Small molecules dominated the dataset with 212 records, but biologics, oligonucleotide/RNA/gene approaches, and radiopharmaceutical/diagnostic agents showed distinct endpoint signatures. Radiopharmaceutical/diagnostic records were the most imaging-heavy, with diagnostic/imaging performance in 12 of 14 records (85.7%).
| Modality group | Records | Most frequent endpoint domains |
|---|---|---|
| Small molecule | 212 | Composite 116 (54.7%), mortality 113 (53.3%), safety 112 (52.8%) |
| Protein / antibody biologic | 65 | Safety 44 (67.7%), biomarkers 38 (58.5%), mortality 37 (56.9%) |
| Oligonucleotide / RNA / gene | 27 | Composite 20 (74.1%), safety 17 (63.0%), mortality 15 (55.6%) |
| Radiopharmaceutical / diagnostic | 14 | Diagnostic/imaging 12 (85.7%), safety 8 (57.1%), biomarkers 6 (42.9%) |
Endpoint planning should not be separated from modality. Imaging and diagnostic agents require diagnostic-performance endpoints, biologics add biomarker and safety intensity, and advanced genetic/RNA approaches still need clinical outcome anchoring in cardiology.

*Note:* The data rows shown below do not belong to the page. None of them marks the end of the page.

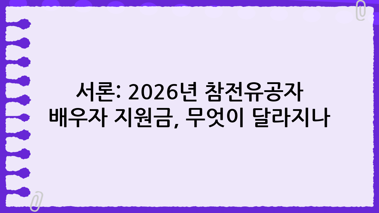 서론: 2026년 참전유공자 배우자 지원금, 무엇이 달라지나?
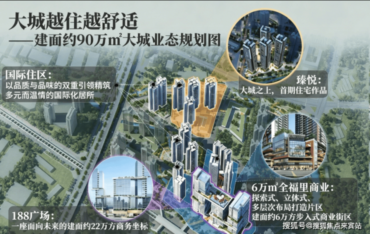 集商务办公、潮流商业、国际住区于一体的建面约90万方超级综合体
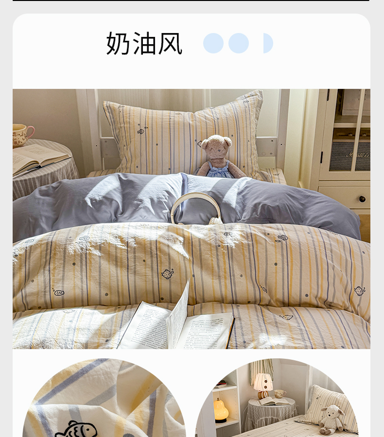 (总)禧缘家纺(原梦想家) 2026新款小清新皱皱纱木棉床裙式床笠印花单被套,彩虹,蝶梦,花田,沐春,南瓜,泡芙,甜筒,童话,兔兔,雾迟,星星,月光
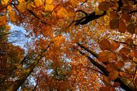 Deze beuken lijken tot in de hemel te groeien. Mooi contrast met de strak blauwe lucht
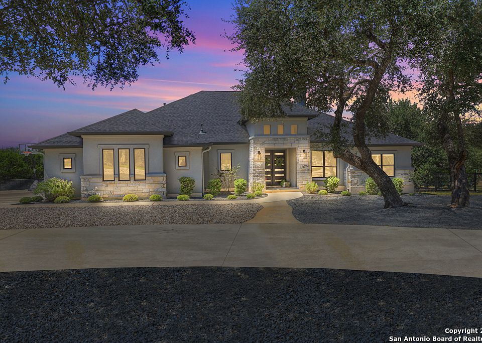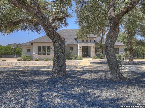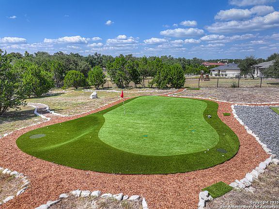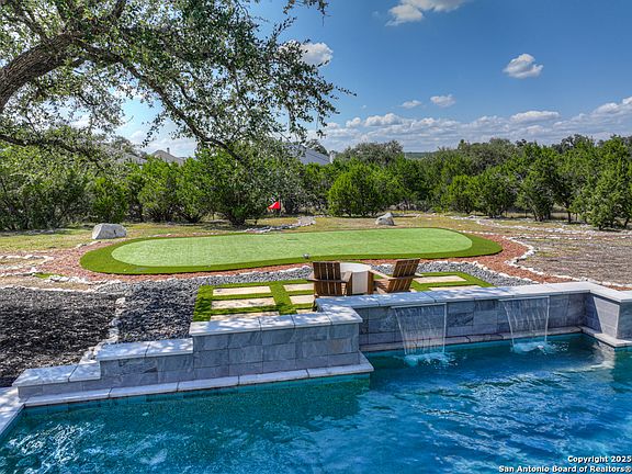 Welcome to this exceptional 4-bedroom, 3.5 bath home built by Grand Endeavor Homes, and nestled in the prestigious Vintage Oaks community where Hill Country charm meets modern luxury. Thoughtfully designed with superior craftsmanship, and a functional open layout, this single-story home showcases premium finishes throughout and a stunning outdoor living space complete with a full kitchen, sparkling pool, and a PGA- level putting green with six tee boxes. Situated on a beautiful xeriscaped acre lot, this single story home exudes elegance from the moment you arrive. Soaring ceilings, wide plank floors, and expansive windows flood the home with natural light while providing picturesque views of the surrounding hill country. The chef's kitchen is a dream, featuring high-end appliances, a spacious center island with quartz countertops, custom cabinetry, and a walk-in pantry- all seamlessly connected to the great room and dining area for effortless entertaining. The spacious family room features a gas fireplace, built in shelving, tray ceilings, and oversized windows. In addition to four generously sized bedrooms, this home offers both a dedicated office that is perfect for remote work or even as a quiet reading space- as well as a separate game room, ideal for family fun, media, or entertaining guests. The expansive primary suite is a true retreat, featuring elegant tray ceilings and abundant natural light. Its spa-inspired en suite bath includes a luxurious soaking tub, oversized walk in shower, dual vanities, and a spacious walk-in closet-combining everyday comfort with high-end style. Step outside to your personal backyard oasis where luxury living continues. The expansive covered patio features a full outdoor kitchen, remote controlled shades, and ample space for lounging and dining. From here, enjoy views of the sparkling pool and a premium golf practice facility- a rare combination that delivers relaxation, entertainment, and recreation right at home. As a resident of Vintage Oaks, you'll also enjoy access to world-class amenities, including resort-style pools, a lazy river, a state-of-the-art fitness center, and miles of scenic hiking, biking, and walking trails. Sports enthusiasts will appreciate the basketball, tennis, pickleball, soccer, and softball facilities-all designed to support an active, vibrant lifestyle. This home offers the perfect blend of luxury, functionality, and Hill Country living. Don't miss your opportunity to make it yours.
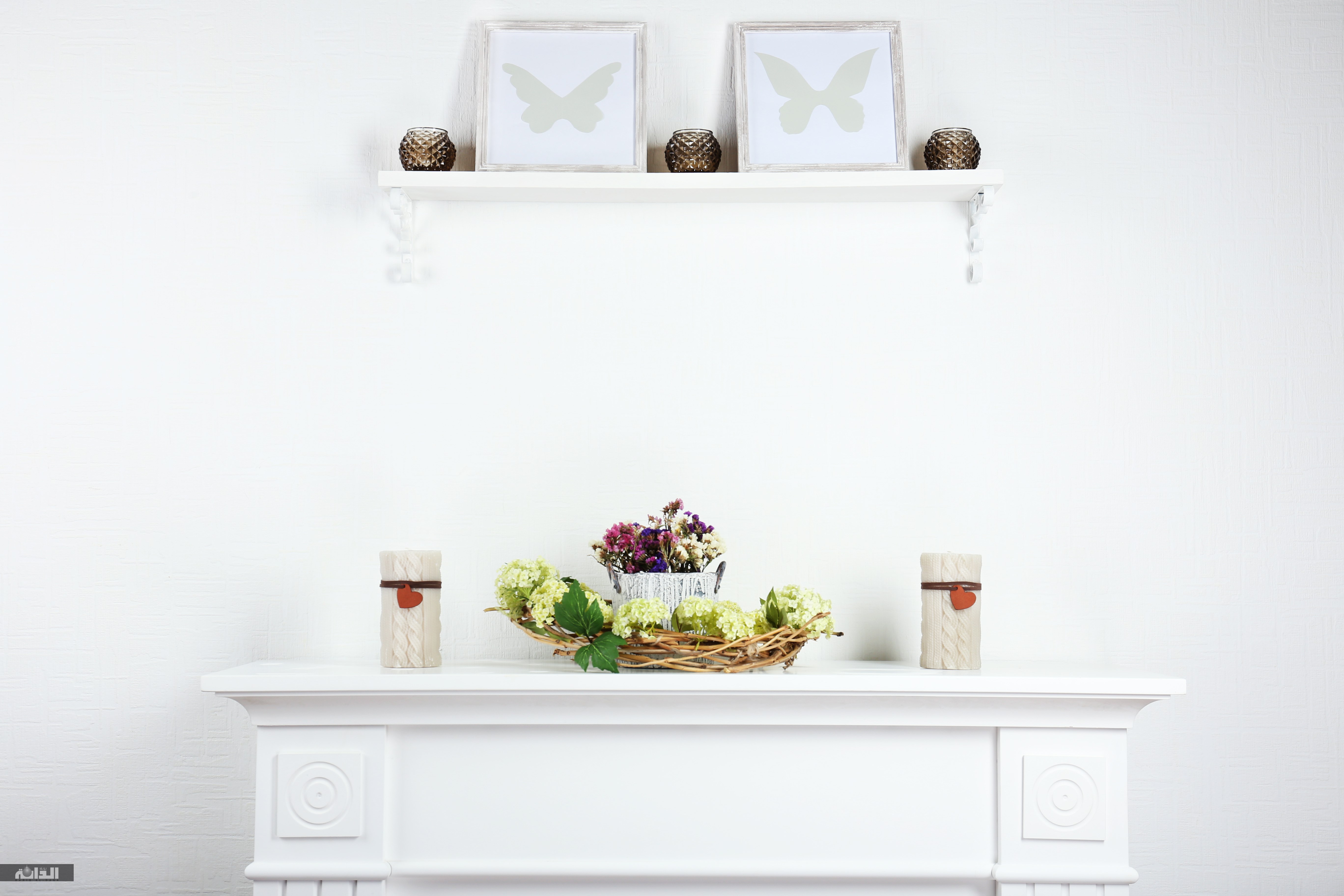 - فيما يخص إطارات الصور واللوحات يفضل أن يكون هناك تدرج في اللون مع مراعاة باقي الألوان المستخدمة والمنسجمة مع اللون الأبيض.

Across all 313 CTIS records, the median initial CTIS submission-to-first authorization interval was 98 days. Phase III records had a median of 100 days compared with 91 days for Phase II. Among primary endpoint categories with at least 20 records, lipid/metabolic primary endpoints had the longest median interval at 115 days, followed by diagnostic/imaging primary endpoints at 110 days.

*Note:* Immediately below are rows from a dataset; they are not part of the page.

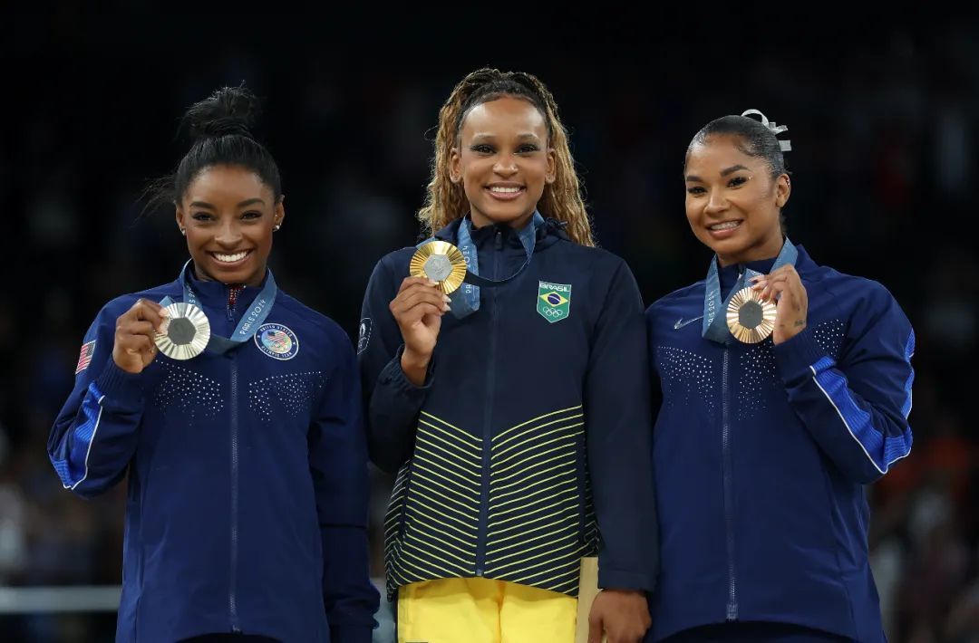 8月5日,冠军巴西选手安德拉德(中)、亚军美国选手拜尔斯(左)和季军美国选手奇利斯在颁奖仪式上。当日,巴黎奥运会体操项目女子自由操决赛在贝尔西体育馆举行。新华社记者 曹灿 摄
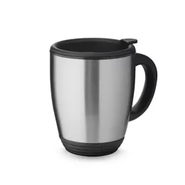 Caneca em aço inox de 450ml, alça de mão plástica, tampa com vedação ideal para chás e cafés.
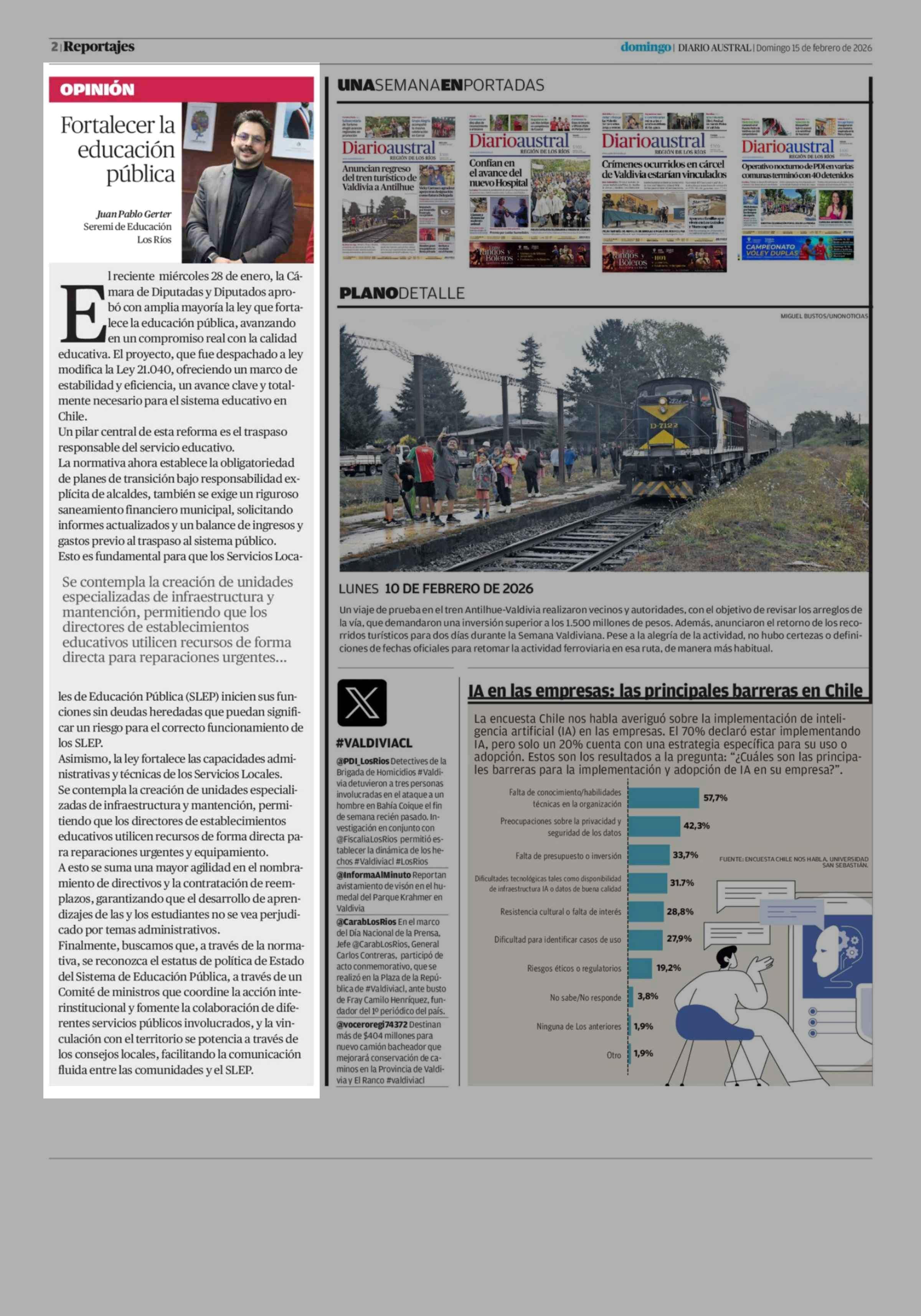 Columnas de Opinión: Fortalecer la educación pública 15-02-2026 Diario Austral Región de Los Ríos |
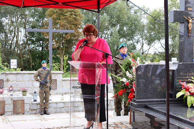 W swoim przemówieniu Pani Wójt nawiązała również do pamięci o dowódcach: generale Stefanie Kosseckim, który w pierwszym ataku na Andrzejewo został raniony serią z karabinu maszynowego, pułkowniku Aleksandrze Hertlu, który zginął podczas ostatniej próby przebicia z kotła wokół Łętownicy. Następnie o pamięci tych, których nazwiska zostały wyryte na trzech tablicach andrzejewskiego mauzoleum, wreszcie o trzystu nieznanych żołnierzach, anonimowych bohaterach. Im wszystkim należy się cześć, za ich trud i największe poświęcenie – poświecenie życia w obronie Ojczyzny. Na zakończenie podziękowała wszystkim, którzy przybywają tu od wielu lat, za ich świadectwo patriotyzmu i przywiązania do naszej Ojczyzny.
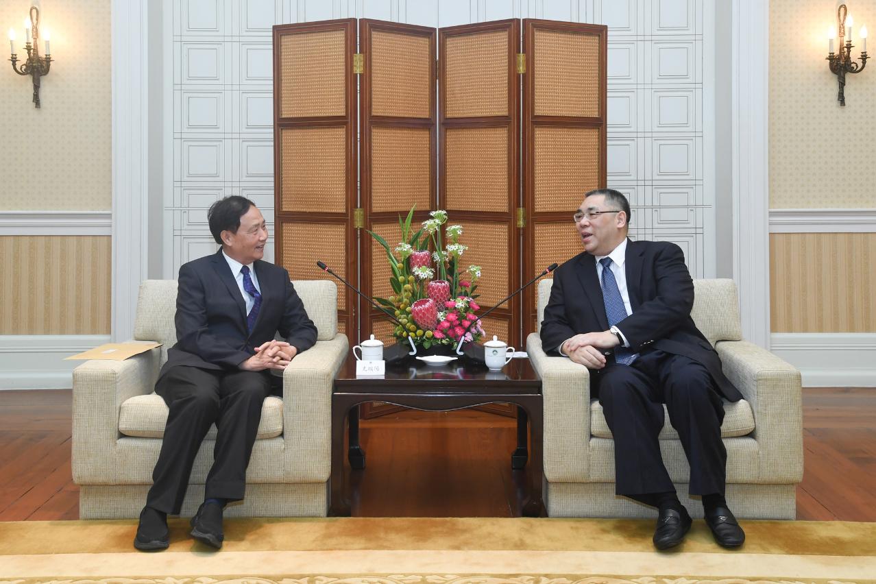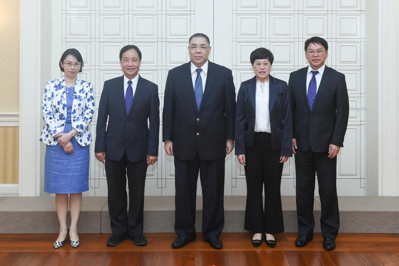 参加会见的还有行政长官办公室主任柯岚、濠江中学副校长陈步倩。

For EU submissions, endpoint strategy is also an operational planning variable. CTIS timelines were not only phase-dependent; they also varied by the type of primary endpoint, with lipid/metabolic and diagnostic/imaging primary endpoints showing longer median authorization intervals than cardiac-function primary endpoints.
The same endpoint data also answers which disease areas require the most complex measurement packages, which trial phases are most outcomes-driven, and where CTIS timing should be watched during EU planning.

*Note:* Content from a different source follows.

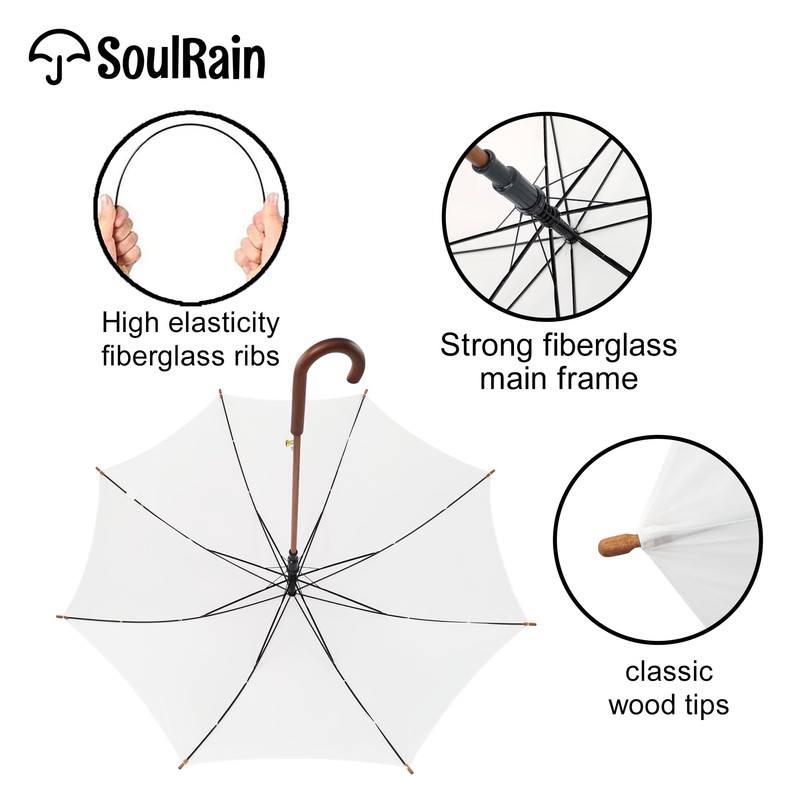 SoulRain 48" White Stick Umbrella – Large Windproof Wedding Umbrella for Rain...

Composite clinical outcomes include MACE-like cardiovascular composites, win-ratio or hierarchical composites, and multi-component endpoints involving death, hospitalization, cardiovascular events, renal events, transplant, ventricular assist device, or similar clinical events. Biomarkers include NT-proBNP, BNP, troponin, renal biomarkers, inflammatory markers, lipid biomarkers when not analyzed as the main lipid/metabolic domain, and laboratory-based mechanistic measures. CTIS means Clinical Trials Information System.